Ze swojej jaskini audio wychylam się dosłownie dwa razy w roku, w celu obskoczenia lokalnego Audio Video Show i monachijaskigo High Endu, natomiast do jakichkolwiek innych akcji wyjazdowych potrzeba mi silnego bodźca. Kombinacja ładnej pogody, zaproszenia od znajomego dystrybutora i kilku obiecujących fotek zadziałała, natomiast z Wrocławia do stolicy wróciłem lekko osłupiały. Przed Wami Art and Voice / Sztuka i Głos, smacznego.

Wstęp

Audio to taka ciekawa branża, że na brak zajęć nie sposób narzekać niezależnie od pory roku. Sprzętu jest zawsze więcej, niż można ogarnąć, a jedyna różnica to długość kolejki. Tak na dobrą sprawę doba jest za krótka, żeby wszystkiemu podołać. Można by ‘tylko’ słuchać, pisać i o świecie dookoła zapomnieć, a stan magazynowy dóbr wypożyczonych wynoszący okrągłe zero to i tak scenariusz z gatunku tych mało prawdopodobnych. Piszę te oczywistości ponieważ towarzyskie wycieczki do miejsc powiązanych z audio, choć – nie bójmy się nazywać rzeczy po imieniu – po części biznesowe, są jednak luksusem, na który czas rzadko pozwala. Jedynie od święta okazuje się łaskawy, a gdy już tak się dzieje to trzeba korzystać i nie oglądać się za siebie.

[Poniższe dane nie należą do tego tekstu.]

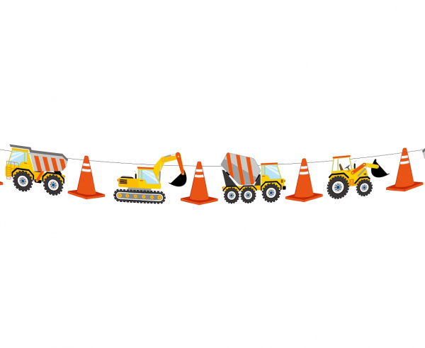 Girlanda z motywem maszyn budowlanych.

Z Markiem zaplanowaliśmy jednodniową wyprawę z Warszawy do Wrocławia, na zasadzie ‘w tę i z powrotem’. Teoria swoje, a praktyka swoje, jak to w życiu. Owszem, ogarnęliśmy temat w jeden dzień, połączenie pomiędzy tymi miastami jest naprawdę dobre, nie czuje się kilometrów. Ale obrazkiem zastanym we Wrocławiu obydwaj byliśmy mocno zaskoczeni, prawdę napisawszy do tego stopnia, że z miejsca docelowego podróży po prostu nie chciało się wychodzić. Główna w tym zasługa jednego faceta, którego znam od lat.

Krzysiek

Z Krzyśkiem to jest ogólnie ciekawa historia, a żeby ją nieco przybliżyć, pozwolę sobie cofnąć się w czasie o jakieś sześć czy siedem lat, nie pamiętam dokładnie. Poruszam się w tematyce audio od ponad dekady, choć zaczęło się spokojnie, wręcz niewinnie, od urządzeń budżetowych, natomiast apetyt rósł w miarę jedzenia. W pewnym momencie natrafiłem na przysłowiową ścianę. Lokalni dystrybutorzy niespecjalnie kwapili się do wysyłania stacjonarnej i zdecydowanie wykraczającej poza budżetową aparatury komuś niezrzeszonemu ze światkiem audio. Absolutnie nie mam do nikogo pretensji z perspektywy czasu. Natomiast Krzysiek Owczarek jako pierwszy wykonał przysłowiowy skok wiary, tj. popatrzył na moją ówczesną twórczość łaskawym okiem i zapoczątkował znajomość, która trwa do dziś bez żadnych zgrzytów po drodze.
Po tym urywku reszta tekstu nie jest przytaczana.